Now Pudge wants to do some operations on the hook.
Let us number the consecutive metallic sticks of the hook from 1 to N. For each operation, Pudge can change the consecutive metallic sticks, numbered from X to Y, into cupreous sticks, silver sticks or golden sticks.
The total value of the hook is calculated as the sum of values of N metallic sticks. More precisely, the value for each kind of stick is calculated as follows:
For each cupreous stick, the value is 1.
For each silver stick, the value is 2.
For each golden stick, the value is 3.
Pudge wants to know the total value of the hook after performing the operations.
You may consider the original hook is made up of cupreous sticks.
Input
The input consists of several test cases.

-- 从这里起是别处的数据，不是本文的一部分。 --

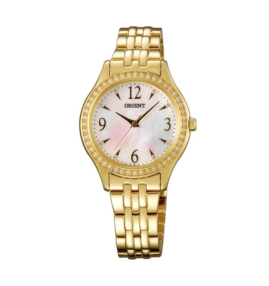 Ceas de mana auriu de dama original orient clasic quartz lady model FQC10003W0 este un ceas finut, elegant de 30mm cu bratara si carcasa din otel inoxidabil placat cu aur. Cadran sidef,cristale swarovski pe bezel si geam cristal mineral.Vine cu garnatie de doi ani, factura si chitanta, cutie originala si toate actele.
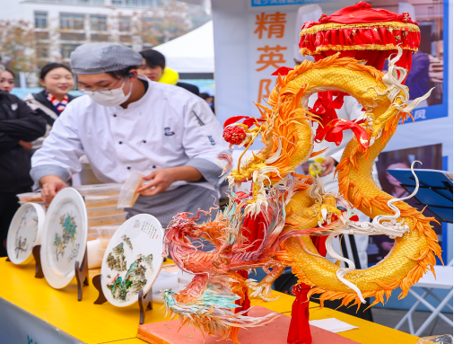 走进长江流域江苏段美食文化节,50家学生创业店铺汇聚长江流域江苏八大城市美食板块,从南京金陵菜到苏州的松鼠桂鱼,从无锡小笼包、南通的炒文蛤到泰州的蟹黄汤包等美食,每一味都是江苏饮食文化的璀璨明珠;食育与营养社团打造的“运养阁”,其将营养健康与现代科技有机融合;食俗体验区,从金陵方糕的甜蜜吉祥,到豆花的团聚温情,再到打麦场的质朴丰收,让师生们通过美食深刻感受地域文化的独特魅力;校企合作板块、技能大师工作室分别聚焦于智能烹饪、中式烹饪与烘焙相关技能研发,是深耕产教融合的体现;非遗美食板块,邀请了4位省级非遗传承人展示烹制技艺。
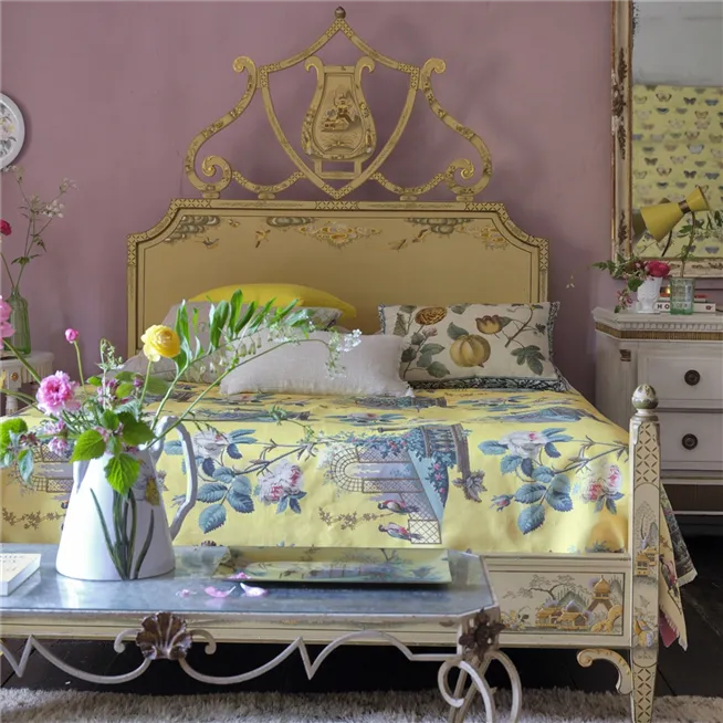 Das fröhliche Design stammt aus den Archiven von John Derian und zeigt stilisierte Rosen, elegante Vögel sowie kunstvoll arrangierte Blätter. Durch den präzisen Digitaldruck auf einem leicht strukturierten Baumwollstoff entfalten die Motive ihre volle Wirkung und verleihen dem Stoff eine besondere Tiefe.
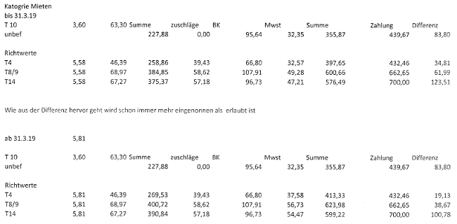 Top 14 hatte nur 660 € Altmieterträge, nun konnte ab 2006 auf 4.200 € gesteigert werden, ab 2011 werden 4.358 € kassiert.
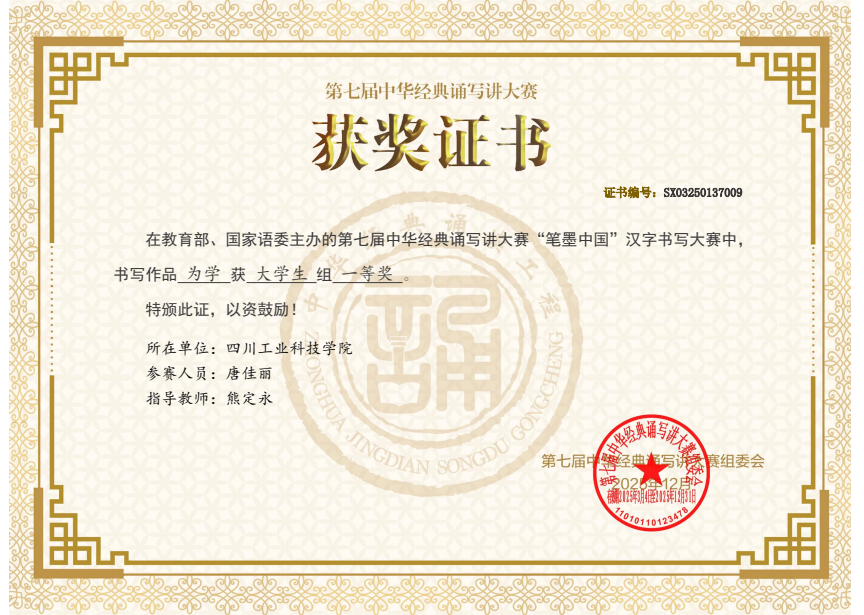 近日,教育部、国家语委主办的第七届中华经典诵写讲大赛,以及四川省2025年中华经典诵写讲演系列活动获奖名单相继公布。学校师生在两项赛事中表现优异,共获国家级一等奖1项、三等奖1项,省级一等奖1项、二等奖1项、三等奖4项、优秀奖7项,充分展现了学校在中华优秀传统文化教育与语言文字工作方面的扎实成效。
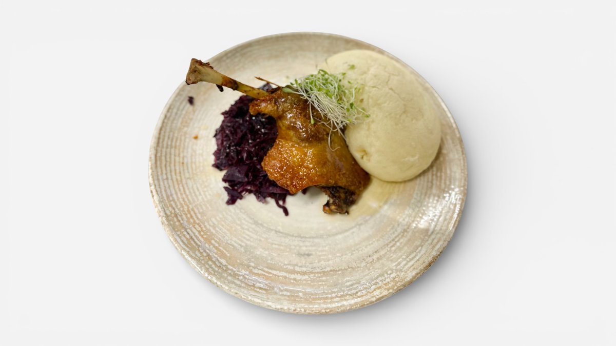 Pomaly pečené kačacie stehno s kapustou a parenou knedľou
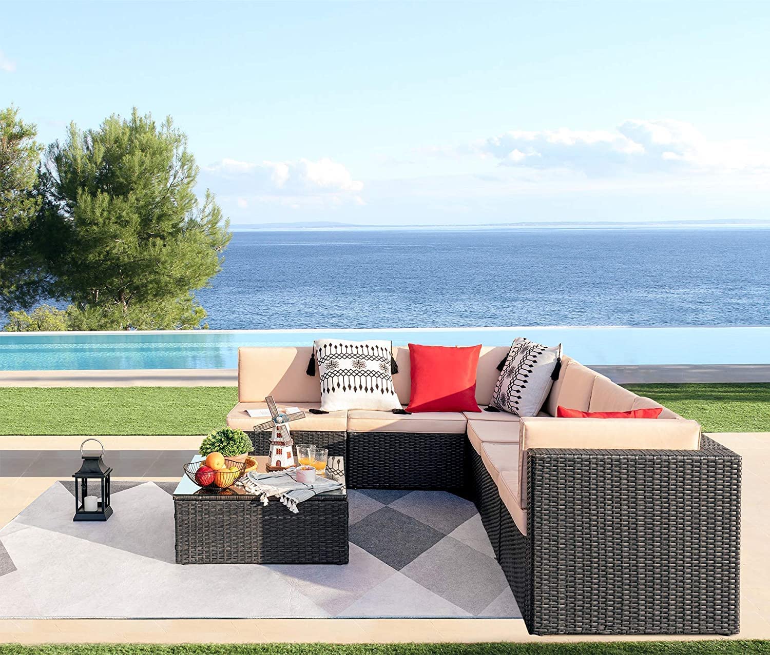 - 1. Durable- Rattan material of this outdoor sectional sofa set is elegantly woven over sturdy, powder-coated, rust-proof metal frames that offer extreme support and durability.
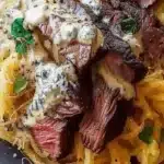 A creamy and delicious Steak Gorgonzola Alfredo served over spaghetti squash, perfect for a quick yet gourmet dinner.
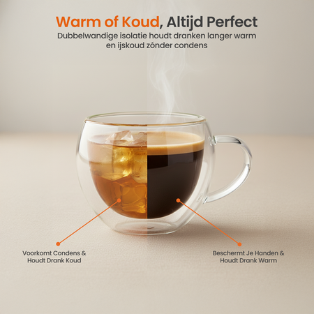 - Ook geschikt voor koude dranken – Drink je liever een ijskoffie of een ander koud drankje? Dankzij het dubbelwandige ontwerp kun je de glazen ook perfect voor koude drankjes met ijsblokjes gebruiken. De ijsblokjes zullen dankzij de isolatie minder snel smelten, waardoor jouw drankje goed koud blijft zonder te verwateren!
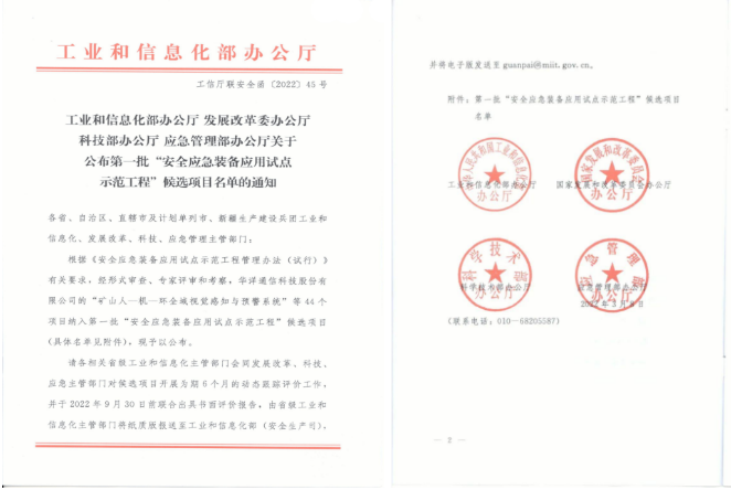 近日,工業(yè)和信息化部辦公廳、發(fā)展和改革委員會(huì)辦公廳、科學(xué)技術(shù)部辦公廳、應(yīng)急管理部辦公廳聯(lián)合公布首批“安全應(yīng)急裝備應(yīng)用試點(diǎn)示范工程”候選項(xiàng)目。

The first line of the input is the number of the cases. There are no more than 10 cases.
For each case, the first line contains an integer N, 1<=N<=100,000, which is the number of the sticks of Pudge’s meat hook and the second line contains an integer Q, 0<=Q<=100,000, which is the number of the operations.

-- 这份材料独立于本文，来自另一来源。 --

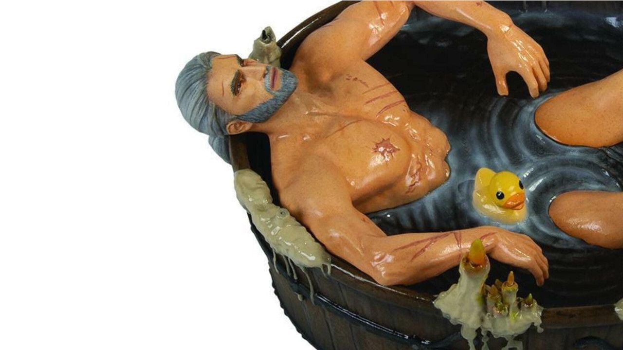No es la versión de Henry Cavill la que vemos en esta figura de Geralt, sino la de 'Wild Hunt', la del tercer videojuego. Considerado como el mejor juego del año por muchos motivos, sorprende que una de las escenas que más recordamos del videojuego sea la de la mítica aparición del brujo en una bañera.
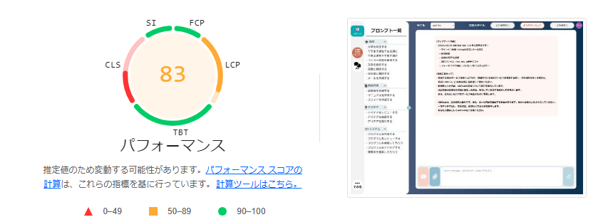 ちなみにLighthouseを利用してパフォーマンスチューニングも実施しています。
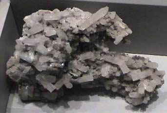 Strontianite is a carbonate mineral of strontium. It has the composition SrCO3. The origin of this sample is Drensteinfurt, Nord, Rhein-Westphalen, Germany. The sample measures about 9 cm across. All these samples are on display in the Smithsonian Museum of Natural History.
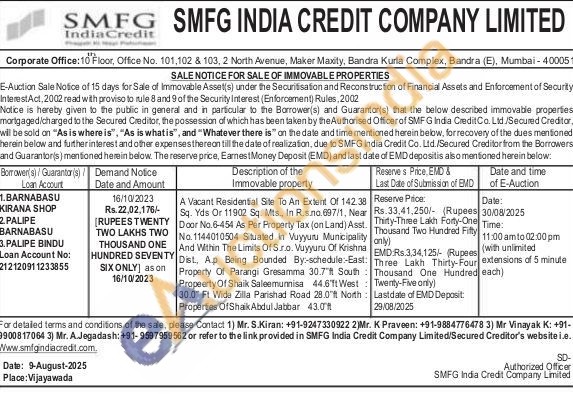 A Vacant Residential Site To An Extent Of 142.38 Sq. Yds Or 11902 Sq. Mts., In R.з.ла. 697/1, Near Door No. 6-454 As Per Property Tax (on Land) Asst. No. 1144010504 Situated in Vuyyuru Municipality And Within The Limits Of S.zo. Vuyyuru Of Krishna Dist. Ap Being Bounded By:-schedule:-East: Property Of Parangi Gresamma 30.7 ft South Propeerty Of Shaik Saleemunnisa 44.6ft West 30.0 Ft Wide Zilla Parishad Road 28.0'ft North Properties Of Shaik Abdul Jabbar 43.0
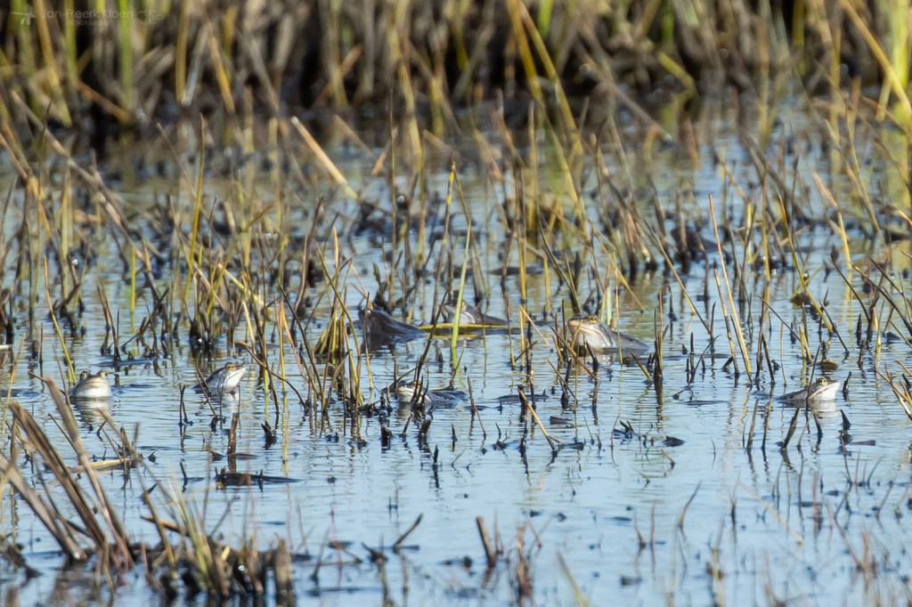 In de paartijd kleuren de mannetjes voor een paar dagen helderblauw. Een spectaculair verschijnsel, hoewel het waarnemen lastig is. Niet alleen is het heel moeilijk het perfecte moment te vinden, ook zijn heikikkers extreem schuw en de meeste duiken onder als je binnen twintig meter afstand komt. Daardoor is het moeilijk ze in vol ornaat van dichtbij te zien te krijgen. Vorig jaar in het Kootwijkerveen lukte het me. Dit jaar deed ik een poging in het Binnenveld, waar ik vorig jaar de soort nieuw voor het gebied ontdekte. Toen hoorde ik één individu en vond ik in de zomer een boel juveniele heikikkertjes. Des te nieuwsgieriger was ik dit jaar naar de voortplantingstijd, nu ik beter wist ik waar ik moest zoeken. En ze waren er. In het gebied is weinig permanent water, maar aan het eind van de winter zijn er genoeg laagtes in het blauwgrasland volgelopen. Daar zaten nu op zes verschillende plekken mannetjes te roepen. Overtuigend blauw waren ze niet, daarvoor was de timing niet goed genoeg. Maar ik was toch blij met mijn waarneming.
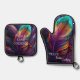 Ensemble De Gant De Cuisine Et De Manique 70s 60s Psychedelic Feathers
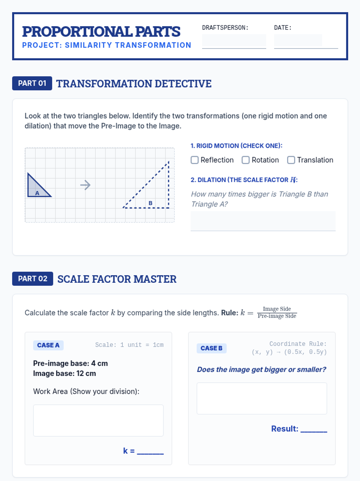 A targeted Tier 2 intervention lesson focusing on triangle similarity through the lens of transformations (dilations, rotations, reflections, and translations). Using a Concrete-Representational-Abstract (CRA) approach, students connect rigid motions and dilations to proportional sides and congruent angles.

Next Q lines, each line contains three integers X, Y, 1<=X<=Y<=N, Z, 1<=Z<=3, which defines an operation: change the sticks numbered from X to Y into the metal kind Z, where Z=1 represents the cupreous kind, Z=2 represents the silver kind and Z=3 represents the golden kind.
Output
For each case, print a number in a line representing the total value of the hook after the operations. Use the format in the example.
Sample Input
1
10
2
1 5 2
5 9 3
Sample Output
Case 1: The total value of the hook is 24.
题意:
有一条铜钩,可以进行操作使其中的一段变为金银铜三种材质,价值分别为3,2,1,求最终这条钩子的价值。
思路:
如果某一段是纯色(金/银/铜),将子节点变为和父节点一样 ,直接计算即可。若某一段是杂色(金/银/铜混合),则搜索其左右子节点。将每段(这里的“每一段”是一个点)的价值加和求得总价值。
代码:
#include<iostream>
#include<cstdio>
#include<cstring>
#include<iostream>
#define MAX 100005
using namespace std;
int ans;
struct TREE{
int left;
int right;
int n;
}tree[MAX<<2];
void Build(int l,int r,int i)
{
tree[i].left=l;
tree[i].right=r;
tree[i].n=1;
if(l==r) return ;
int mid=(l+r)/2;
Build(l,mid,i*2);
Build(mid+1,r,i*2+1);
}
void Updata(int l,int r,int type,int i)
{
if(tree[i].n==type) return ;
if(tree[i].left==l&&tree[i].right==r){
tree[i].n=type;
return ;
}
if(tree[i].n!=-1) //纯色
{
tree[i*2].n=tree[i*2+1].n=tree[i].n; //子节点变为和父节点一样
tree[i].n=-1; //变为杂色
}
//线段树套路
int mid=(tree[i].left+tree[i].right)/2;
if(l>mid) Updata(l,r,type,i*2+1) ;
else if(r<=mid) Updata(l,r,type,i*2);
else
{
Updata(l,mid,type,i*2);
Updata(mid+1,r,type,i*2+1);
}
}
int Query(int i)
{
if(tree[i].n!=-1) //纯色--直接计算
return (tree[i].right-tree[i].left+1)*tree[i].n;
else //杂色--搜索子节点
return Query(i*2)+Query(i*2+1);
}
int main()
{
int cas=1;
int t,n,k,x,y,z;
scanf("%d",&t);
while(t--)
{
scanf("%d %d",&n,&k);
Build(1,n,1);
while(k--)
{
scanf("%d %d %d",&x,&y,&z);
Updata(x,y,z,1);
}
printf("Case %d: The total value of the hook is %d.\n",cas++,Query(1));
}
return 0;
}